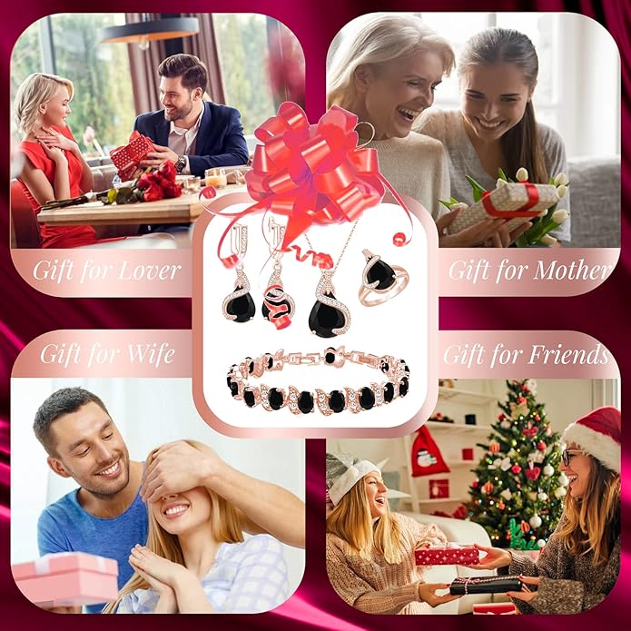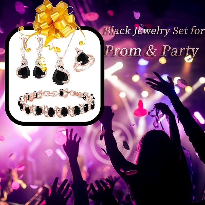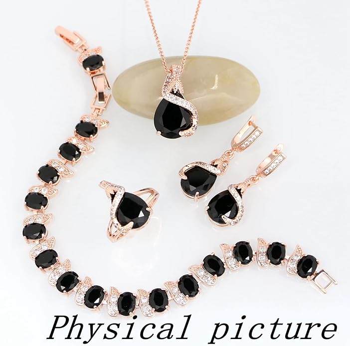 - ❤MATERIALS AND SPECIFICATIONS❤: This jewelry set is made of 18K rose gold plated alloy, highly polished, lead-free, nickel-free, and non-allergenic. The main stone is a waterdrop black cubic zirconia of 12mm*16mm (pendant) and 10mm*14mm (earrings and ring), and the side stones are multiple sparkling cubic zirconia. The bracelet contains 16 oval black cubic zirconia.
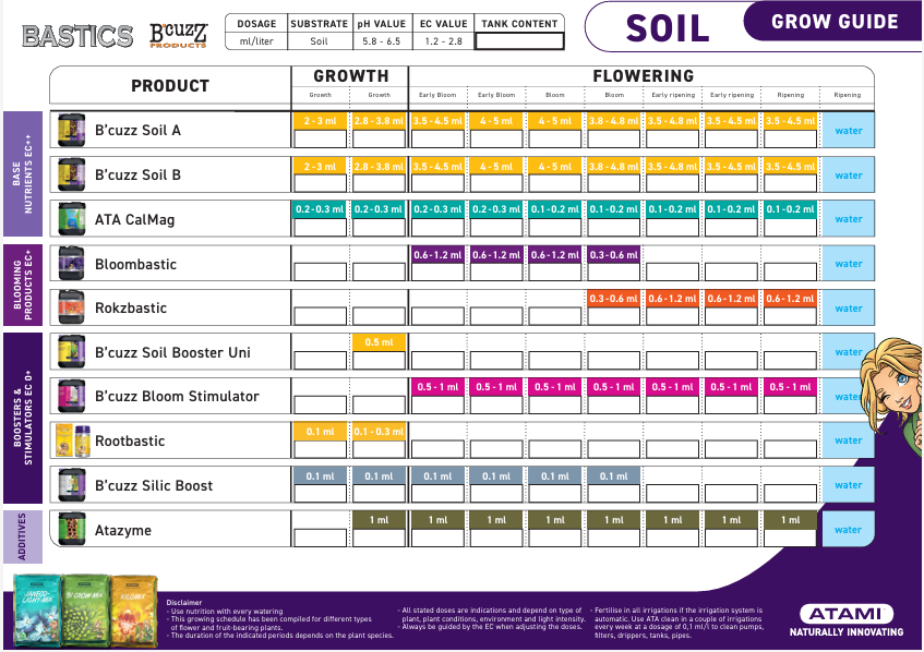 Hier kannst du die Atami Düngeschemen herunterladen. Die Atami Dünger Tabellen zeigen dir alle wichtigen Fakten auf einen Blick.
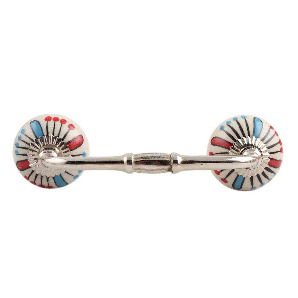 Blue and Red Ceramic Bridge Handle. Ideal for Drawer, Dresser, Cabinet, Wardrobe, Cupboard and Almirah.
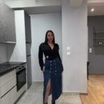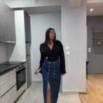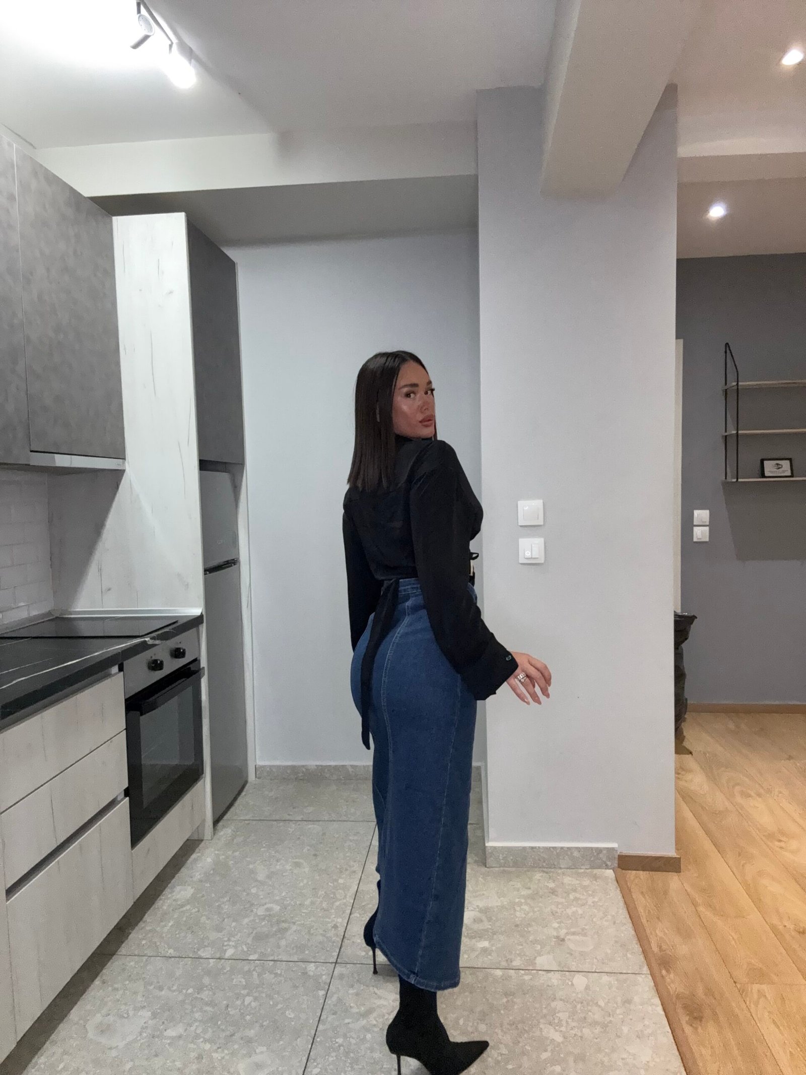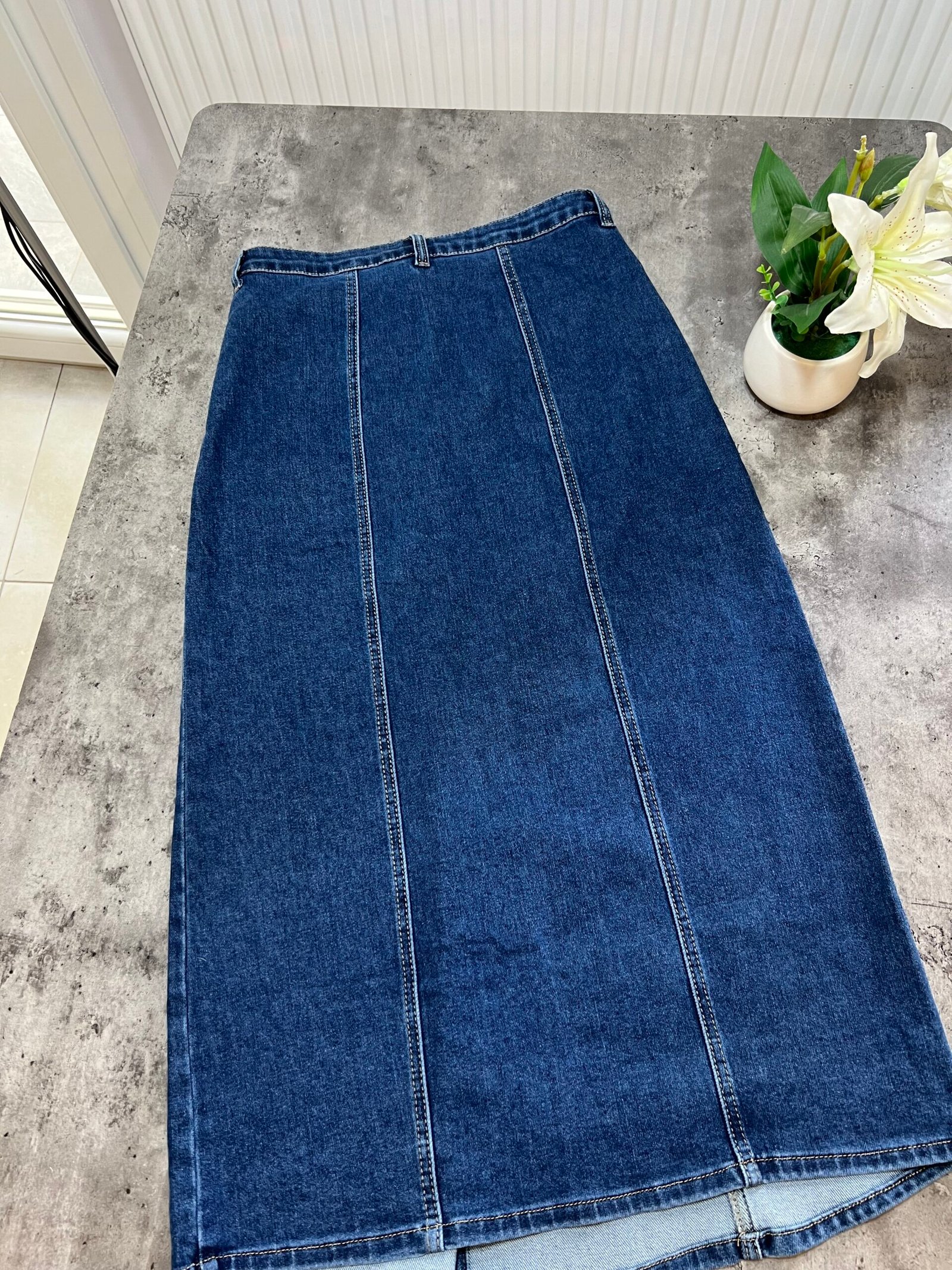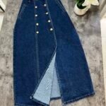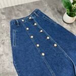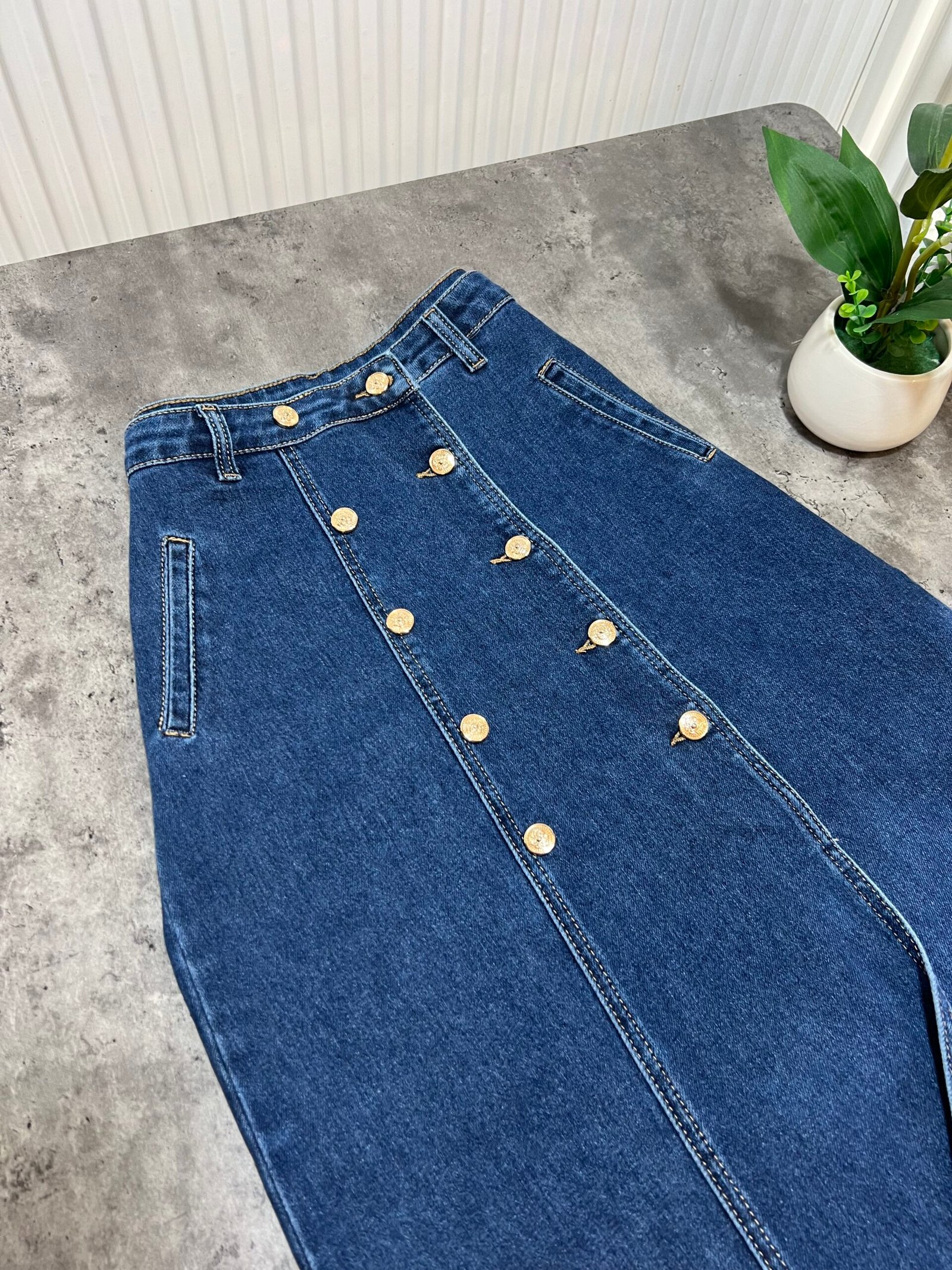 Fund i gjatë xhinsi me prerje të drejtë dhe çarje elegante në pjesën e përparme që thekson linjat e trupit. Ka mbyllje me rresht kopsash metalike dhe bel të lartë që siguron përshtatje perfekte. Materiali i trashë prej denim cilësor ruan formën dhe jep një pamje moderne e të sofistikuar për çdo ditë.
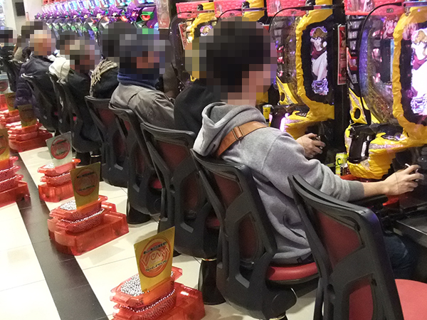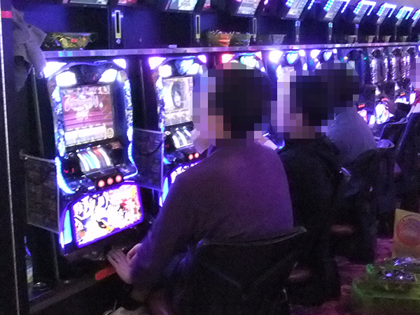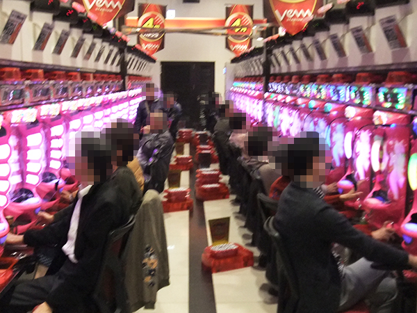 店内に入ると、朝イチはパチスロコーナーが大人気。「バジリスク~甲賀忍法帖~絆」やハナハナシリーズなどが、空き台も見当たらないほどの状況となっていた。

**Your assignment:**
Please repeat exactly the lines from the one containing "Fund i gjatë" through the last line of the records, both included, and leave out the pictures.

**Output for this exercise:**
 Fund i gjatë xhinsi me prerje të drejtë dhe çarje elegante në pjesën e përparme që thekson linjat e trupit. Ka mbyllje me rresht kopsash metalike dhe bel të lartë që siguron përshtatje perfekte. Materiali i trashë prej denim cilësor ruan formën dhe jep një pamje moderne e të sofistikuar për çdo ditë.
 店内に入ると、朝イチはパチスロコーナーが大人気。「バジリスク~甲賀忍法帖~絆」やハナハナシリーズなどが、空き台も見当たらないほどの状況となっていた。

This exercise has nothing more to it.